WHAT TO PRODUCE: Given the material below, output exactly the lines from the line with "Aspecte de l'assemblea" to the line with "hem fet front", both ends included, and no other lines.

DATA UNDER STUDY:
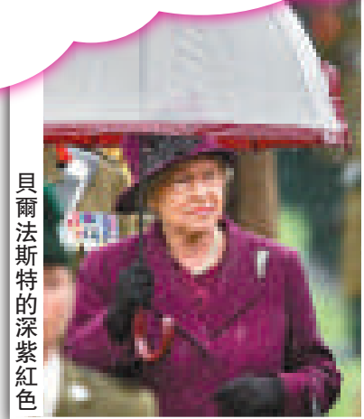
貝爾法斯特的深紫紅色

==

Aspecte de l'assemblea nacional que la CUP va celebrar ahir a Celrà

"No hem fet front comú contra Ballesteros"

TASK ANSWER:
Aspecte de l'assemblea nacional que la CUP va celebrar ahir a Celrà

"No hem fet front comú contra Ballesteros"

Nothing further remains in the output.